Lorsque la guerre avec le Japon éclate en 1937, Hu Die et son mari choisissent  l'exil à Hong Kong. Le couple y aura un fils et une fille. En 1941, les Japonais envahissent aussi Hong Kong et demandent à l'actrice de tourner pour la propagande, ce qu'elle refuse. Elle rejoint alors en cachette Chongqing, la capitale de guerre chinoise, lors d'un voyage pénible qui lui prend deux ans. Là, elle rencontrera Dai Li, le Chef des Services Secrets de Chiang Kai Shek, avec lequel elle aura une liaison. En 1946, elle reviendra à Hong Kong pour aider l'entreprise de son mari jusqu'à la mort de celui-ci en 1955. Elle arrête définitivement le cinéma en 1966, se marie à nouveau puis rejoint en 1975 son fils à Vancouver, au Canada,  Elle y mène jusqu'à la fin de sa vie en 1989 une existence discrète sous le nom de Pan Boajuan, sans aucune publicité ni référence à sa gloire passée.

 

Le grand theatre
Le Grand Théatre, encore un cinéma aujourd'hui

 

Quelles traces restent de cette époque ?

Lorsque l'on visite Shanghai aujourd'huI, il est encore possible de se faire une idée des fastes des années d'or du cinéma shanghaïen. En effet, il y a encore de nombreux cinémas Art Deco témoins de l'industrie du divertissement des années 1930. Certains ont été rénovés comme le Cathay sur Huaihai Middle Road, le Grand Theatre, sur la Place du Peuple, le Majestic, au nord de Nanjing West Road ou le Huangpu Theatre sur Beijing East Road. D'autres ont été transformés comme le Lafayette sur Fuxing East Road (station de métro), le Nanking Theatre (Shanghai Concert Hall) ou le Capitole sur Sichuan Road (bureaux). Enfin, il en existe dans leur condition d'origine (ou presque), comme le Metropole sur Xizang Road, le Chekiang sur Zhejiang Road ou le Strand sur Ningbo Road, permettant au rêveur un voyage dans le temps.

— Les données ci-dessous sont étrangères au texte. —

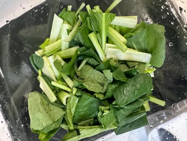 ①小松菜のナムルを作っていく。小松菜は3㎝幅に切る。
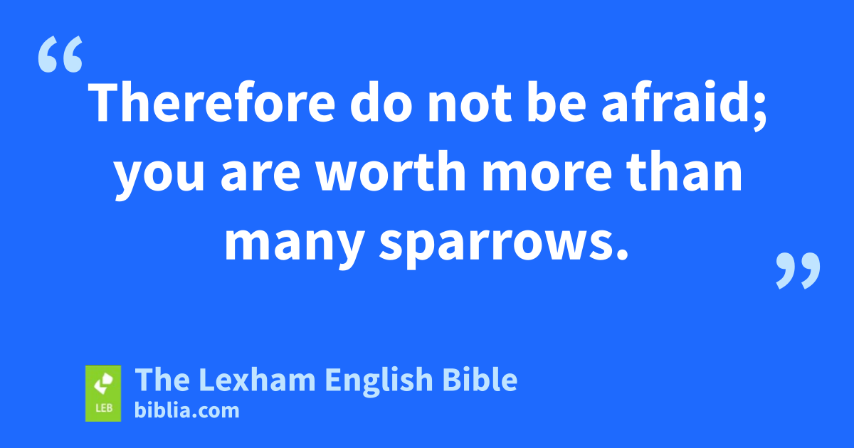 26 “Therefore do not be afraid of them, because nothing is hidden that will not be revealed, and nothing secret that will not become known. 27 What I say to you in the dark, tell in the light, and what you hear in your ear, proclaim on the housetops. 28 And do not be afraid of those who kill the body but are not able to kill the soul, but instead be afraid of the one who is able to destroy both soul and body in hell. 29 Are not two sparrows sold for a penny?f And one of them will not fall to the ground ⌊without the knowledge and consent⌋g of your Father. 30 And even the hairs of your head are all numbered! 31 Therefore do not be afraid; you are worth more than many sparrows.
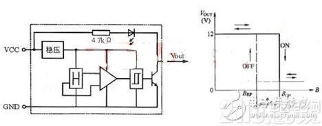 在外磁場的作用下,當磁感應強度超過導通閾值BOP 時,霍爾電路輸出管導通,輸出低電平。之后B 再增加,電路仍保持導通態(tài)。若外加磁場的B 值降低到BRP 時,輸出管截止,輸出高電平。我們稱BOP 為工作點,BRP 為釋放點,BOP-BRP=BH 稱為回差。回差的存在使開關電路的抗干擾能力增強。
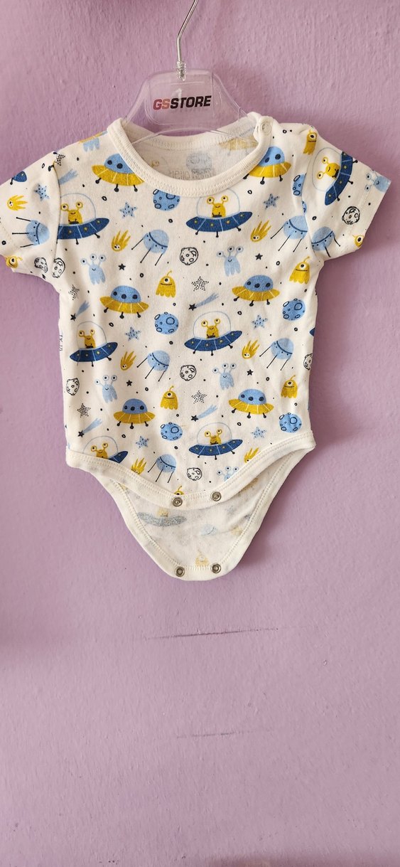 Beyaz renkte, kısa kollu ve yuvarlak yaka bebek erkek body. Renkli uzay temalı baskıları ve kolay giydirme için düğmeleri vardır.
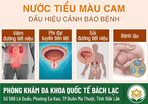 Sỏi đường tiết niệu: Khi người bệnh bị sỏi bàng quang, sỏi niệu quản hay sỏi thận cũng thường có biểu hiệu đi tiểu ra nước có màu cam, kèm theo tiểu rắt, tiểu đau, bí tiểu, đau buốt rát khi đi tiểu,…
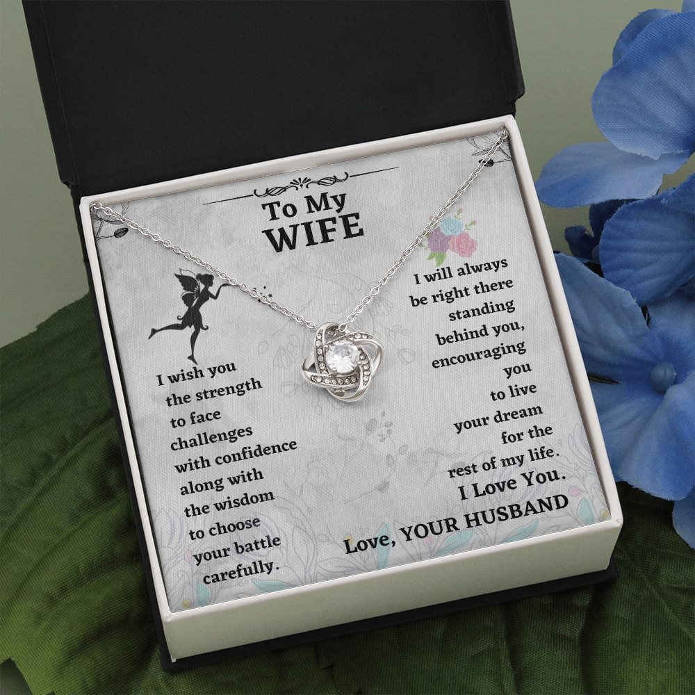 Wife Necklace Gift from Husband – Love Knot Pendant with Encouragement Message Card
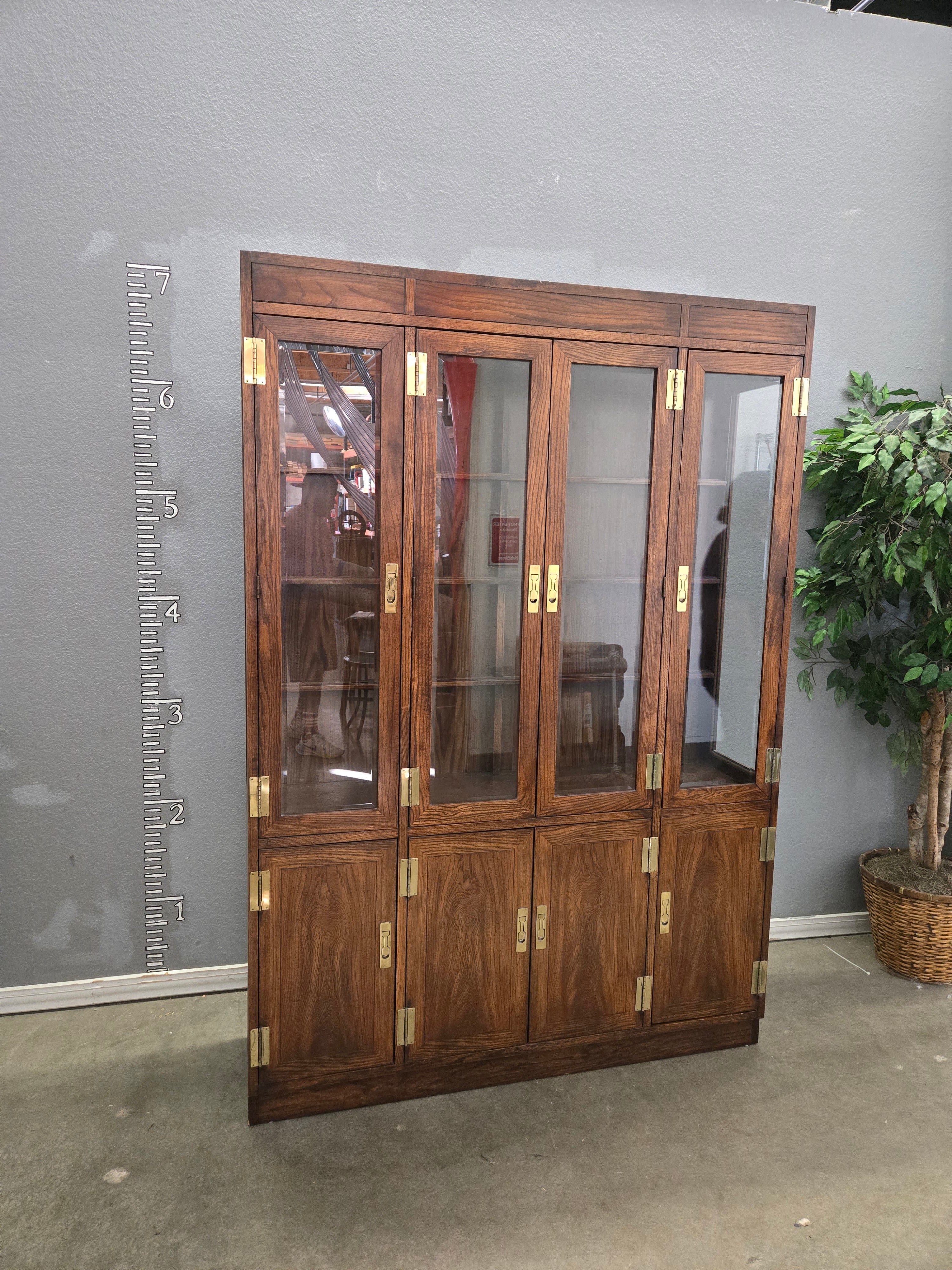This elegant display cabinet features a rich, warm brown wood finish and clear glass-paneled doors. The classic design includes brass hinges and handles, making it a stylish addition to any room. Ideal for showcasing fine china, collectibles, or books. Approximate Size: 7 x 5 x 1.5
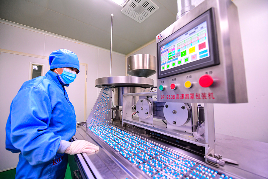An employee supervises packaging at a drug firm's production unit in Shenyang, Liaoning province, on Jan 12, 2023. [Photo by ZHANG WENKUI/FOR CHINA DAILY]
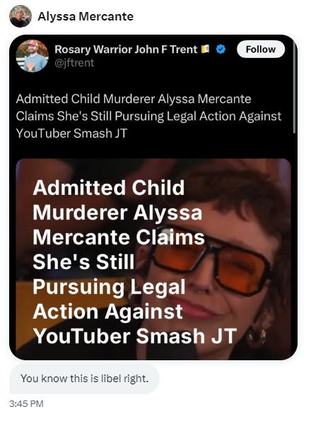 John Trent took a screenshot of the DM, posting, “Alyssa Mercante tries to claim the truth is libel. The truth cannot be libel,” and posting the DM along with two screenshots where Alyssa Mercante confirmed she had abortions.

Dans le domaine de la production de films, Shanghai est revenue sur le devant de la scène après plusieurs décennies de domination du cinéma hongkongais. Des réalisateurs comme Ang Lee tournent désormais en Chine continentale dans les décors  des Shanghai Film Studios, comme pour Lust Caution, adaptation du roman de Zhang Aileen. Une occasion de nous rappeler la gloire passée de stars comme Hu Die.